Più volte negli anni successivi e fino ai giorni nostri, la Proposta per un’autoprogettazione è stata rievocata in diverse rassegne, segno che il sasso lanciato da Mari continua a smuovere le acque.
In questo senso, la Triennale espone un’opera impressionante dell’artista texano Dozie Kanu, Electric chair, che riprende alcune delle idee illustrate da Enzo Mari, in particolare la democratizzazione del design e la creazione di un’alternativa provocatoria al paradigma capitalista del consumo di massa.

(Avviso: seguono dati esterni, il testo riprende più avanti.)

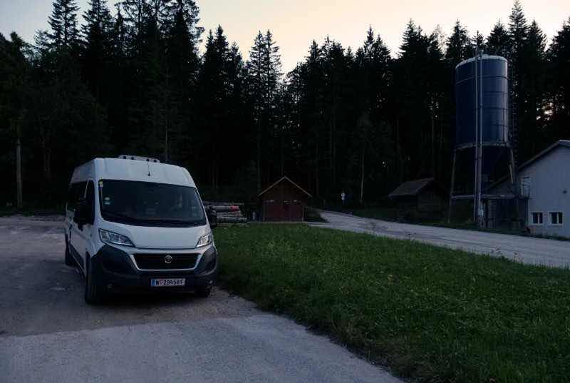 Um 20:30, 10 Minuten nach Sonnenuntergang, erreiche ich den Pötschenpass an der Grenze zwischen Steiermark und Oberösterreich, wo wir auch vor ein paar Wochen übernachtet haben.

Guardando l’esecuzione di un detenuto di colore in South Carolina, Kanu era stato colpito dalla somiglianza nei tratti dei loro visi e vi trovò un legame con la secolare lotta per l’emancipazione degli afroamericani. Ha così scomposto una sedia elettrica in tre pezzi e, mostrandone l’assemblaggio, intende alludere ai modi in cui “la morte è sistematicamente prodotta e ri-confezionata come fosse auto-costruita e auto-indotta”.
Dozie Kanu – Chair V (Elecric chair) – Marmo, pelle e viti
Chiudiamo riportando quello che Enzo Mari, in un recente dibattito, ha risposto a chi gli chiedeva cosa avesse imparato dalla sua esperienza di artista e di uomo:
“Se la gente avesse il coraggio di prendere a calci i telefonini e cominciasse a lavorare con le mani, ci sarebbero meno crisi economiche nel mondo”.